Molly's Game is a 2017 American biographical crime drama film written and directed by Aaron Sorkin (in his directorial debut), based on the 2014 memoir of the same name by Molly Bloom. It stars Jessica Chastain, Idris Elba, Kevin Costner, Michael Cera, Jeremy Strong, Chris O'Dowd, Joe Keery, Brian D'Arcy James, and Bill Camp.

The film follows Bloom (Chastain), who becomes the target of an FBI investigation after the underground poker empire she runs for Hollywood celebrities, athletes, business tycoons, and the Russian mob is exposed.

Principal photography began in November 2016 in Toronto, Ontario, Canada. The film premiered on September 8, 2017, at the Toronto International Film Festival, and began a limited theatrical release in the United States on December 25, 2017, by STX Entertainment, before expanding wide on January 5, 2018, and grossed $59 million worldwide.

Molly's Game received positive reviews, with particular praise for Sorkin's screenplay, as well as Chastain and Elba's performances, with the former being considered one of the best of her career by some critics. The film earned Chastain a Golden Globe nomination for Best Actress – Drama, while Sorkin earned nominations for his screenplay at the Academy Awards, Golden Globes, Writers Guild of America Awards, and BAFTA Awards.

Plot

Molly Bloom is a world-class mogul skier with Olympic aspirations, thanks to years of enforced training from her overbearing father. In a qualifying event for the 2002 Winter Olympics, she is severely injured, ending her career.

Instead of attending law school immediately, Molly takes a year off and moves to LA. Becoming a bottle service waitress at a club, she soon meets Dean, an ostentatious but unsuccessful real estate developer. She becomes his office manager, and is soon involved in running his underground poker games at "The Cobra Lounge". Many famous and wealthy individuals, including movie stars, investment bankers, and sports players, are involved in Dean's game. Molly earns large sums of money in tips alone.

Initially unfamiliar with poker, Molly quickly learns how to appeal to the players for tips. In particular, she hopes to please the most successful player, a film star named Player X, by attracting new players to the game. Dean, upon seeing that Molly is becoming increasingly independent in running the games, attempts to control, and then fires her.

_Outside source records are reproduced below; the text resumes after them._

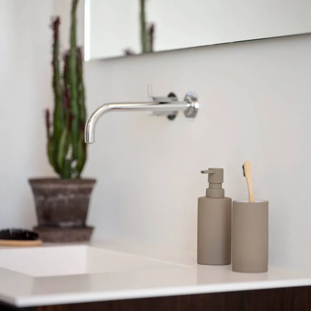 Med Solo badserie er der helt rene linjer. Produkterne er samtidig holdt i rene farver og står rent, flot og funktionelt i badeværelset. Sæbedispenseren rummer 0,3 l og matcher tandbørstekrus, toiletbørste og pedalspand perfekt.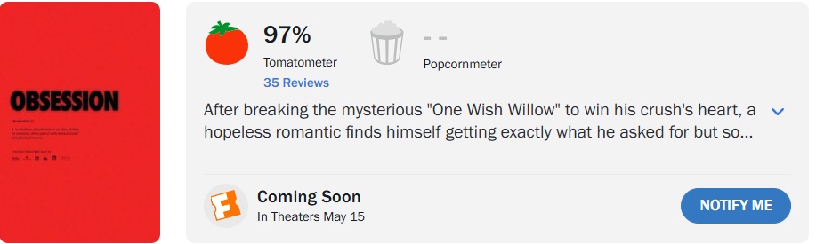 ‘Obsession’, novo terror da Blumhouse Productions estrelado por Michael Johnston (‘Maestro’) e Inde Navarrette (‘Superman & Lois’), teve uma estreia promissora no Rotten Tomatoes. O longa conquistou 97% de aprovação da crítica, com base em 35 avaliações.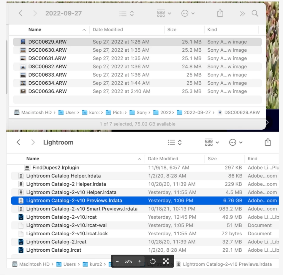 2. The total space occupied by the photos does not relate exactly to the space used by the catalog or it's associated preview folders. Looking again at that first screenshot, but the lower portion of it, the folder the catalog is in. Previews for one can eat a lot of space up. More than the photos. See other members replies above on that.

Molly, having contacts through years of running the game, creates her own poker games. She rents a hotel penthouse and hires a staff. Additionally, she contacts club and casino employees to spread the word about her games.

Player X, along with many others, leaves Dean's games to play at Molly's. Increasingly successful, as Molly gains more money she is pressured by Player X to raise the stakes. Harlan Eustice, a skilled, conservative, and successful player, joins Molly's game.

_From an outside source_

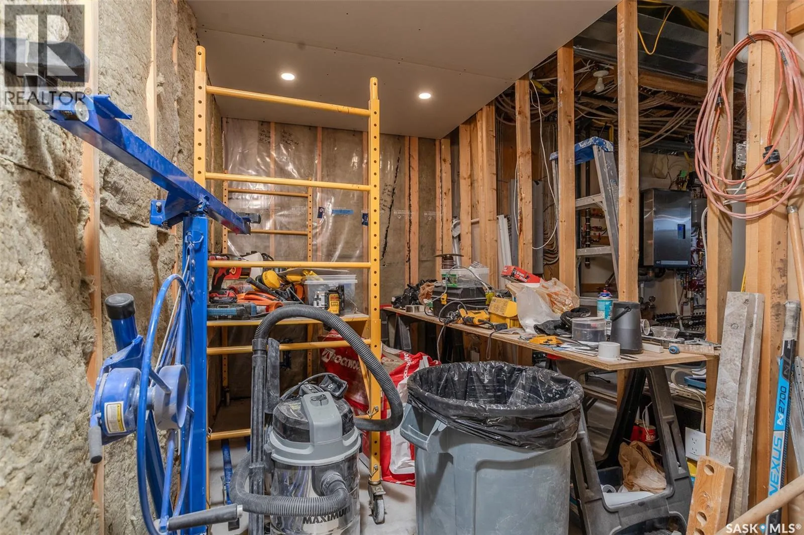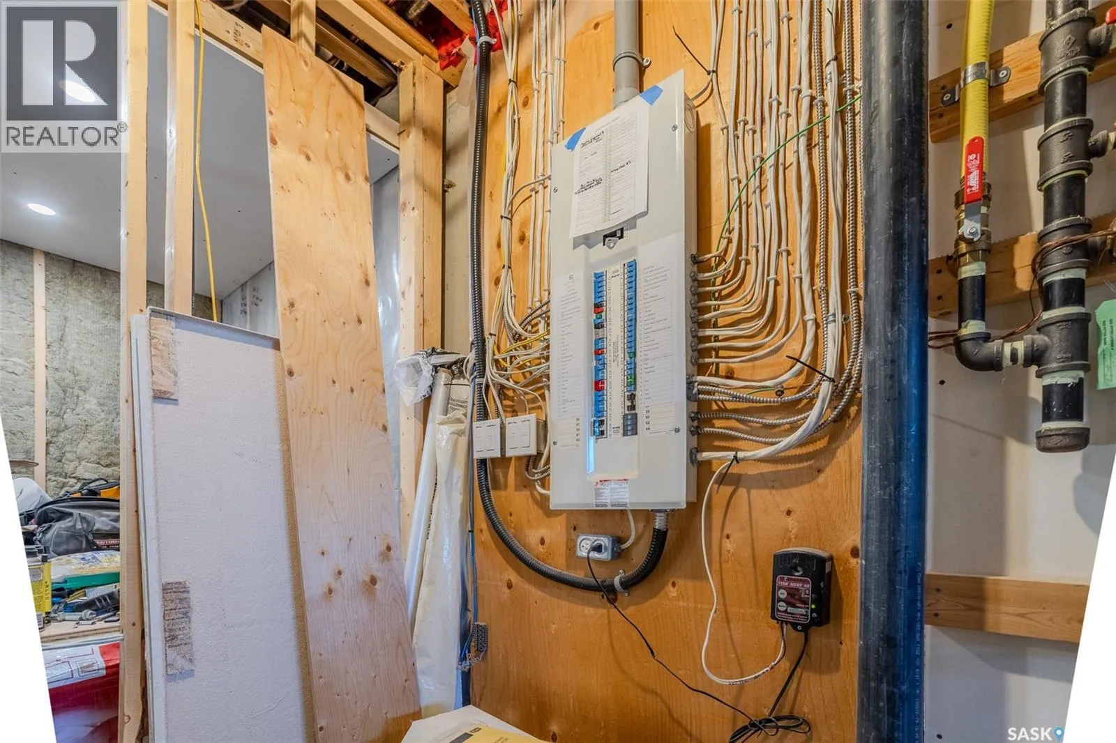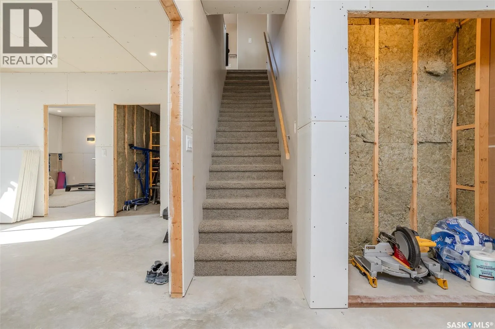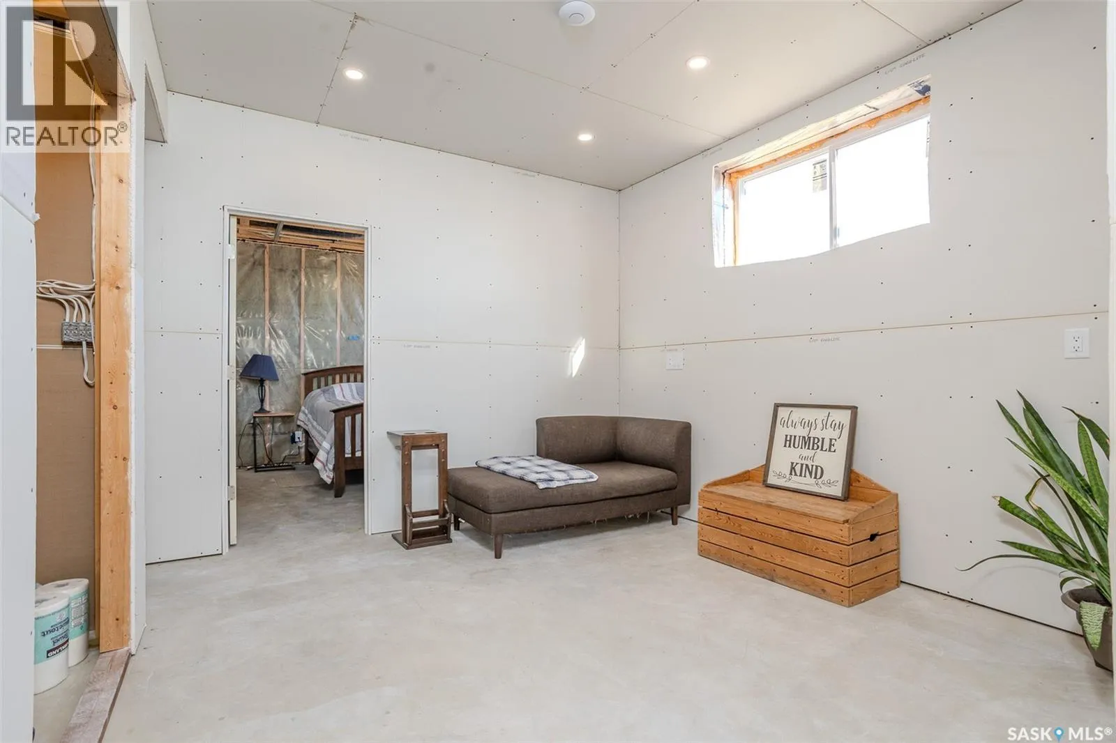 Welcome to this raised bungalow on 5 acres just 10 minutes south of Saskatoon, offering space, privacy, and an easy drive to the city. The main floor features vaulted ceilings and an open concept layout with hardwood flooring in the living room, tile through the kitchen and dining, and a gas fireplace. The kitchen includes granite countertops, under cabinet lighting, soft close cabinetry, a large island with double undermount sink and central vac kick plate, built in dishwasher, microwave hood fan, corner pantry, and a coffee area with a window overlooking the yard. Patio doors off the dining area lead to a partially covered deck with two natural gas BBQ hook ups. Completing the main level are two secondary bedrooms (bedroom closets have lights), a 4 piece bathroom, and a primary bedroom with windows on two walls, a 5 piece ensuite, and walk in closet. In floor heat runs through the living room, kitchen, dining, and bathrooms. Laundry is conveniently located off the garage entry. The att. garage offers 12' ceilings, double overhead doors, in floor heat, epoxy flooring, built in shelving, and a separate 60 amp panel/30amp RV plug. The basement is framed and drywalled for two bedrooms and a full bathroom, with pot lighting, 9 foot ceilings, and large windows. Safe and sound insulation has been added, and the home is wired for Control4. Outside, there is a 36 x 40 steel shop with concrete floor, 16 x 12 overhead door and 100 amp panel. The yard includes over 100 trees on a drip line system, adding future privacy and room to grow. The property is serviced with fiber optic internet, with access in both the garage and shop, and city water with a new pressure system installed in 2024. School bus service is available to South Corman Park for K-8 and Clavet for 9-12. This property has space for kids to run, quiet mornings, and room to build the lifestyle you want. Two large animals allowed, ideal for horse enthusiasts. Call your Realtor today to book your private showing! (id:27476)

One night, after accidentally losing a hand to the notoriously worst player, Brad Marion, Harlan becomes increasingly compulsive, suffering heavy losses (later, Molly finds out that Player X, who enjoys ruining people's lives more than the game itself, has been funding him to keep him playing). After Molly berates him for his unethicality, Player X decides to change venue for his games, and the others join him, leaving Molly.

Molly moves to NYC to begin a new underground poker game. After reaching out to many wealthy New Yorkers, Molly finds enough players for several weekly games.

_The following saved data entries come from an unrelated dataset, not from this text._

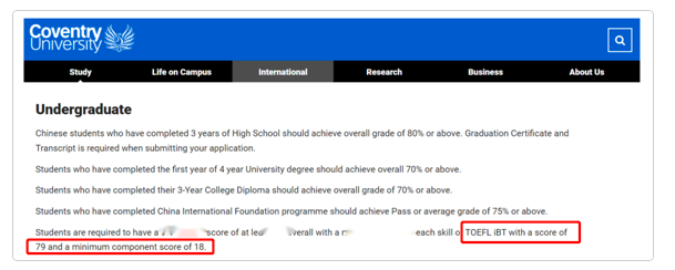 考文垂大学官网明确指出接受托福在家考成绩,托福分数最低要求是 总分79分(小分均≥18分)。
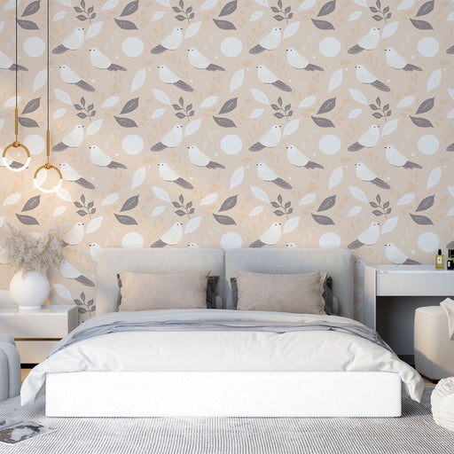 Papel de parede pássaros e folhas | Padrão encantador de pequenos pássaros e folhagem em tons pastel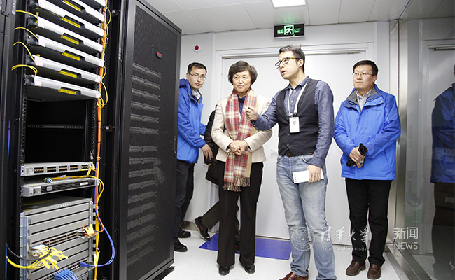 在苏世民书院,陈旭在检查网络机房时详细地询问了学生的网络使用情况、网络稳定性和安全性等问题。苏世民书院网络负责人马思奇汇报说,书院网络自开学以来运行平稳,网络设备、带宽完全可以满足师生需求。

Despite continuous success, she fears being unable to cover her losses when players cannot pay. Her dealer convinces her to begin taking a percentage of large pots, recouping her potential losses but making her game an illegal gambling operation.

Brad is indicted for running a Ponzi scheme; Molly is investigated and questioned as to who attended her games. At this time, she becomes increasingly addicted to drugs, as the games have taken their toll. Her players also begin to include wealthy individuals from the Russian mafia, among others.

Molly is approached by the Italian mafia, who offer their services to extort money from non-paying players. After she declines, she is attacked in her home, held at gunpoint and her mother's life is threatened. As she is about to return to her poker games, the FBI raids, as Douglas Downey, a player infatuated with her, informs on her. Molly's assets are seized, and she returns home to live with her mother.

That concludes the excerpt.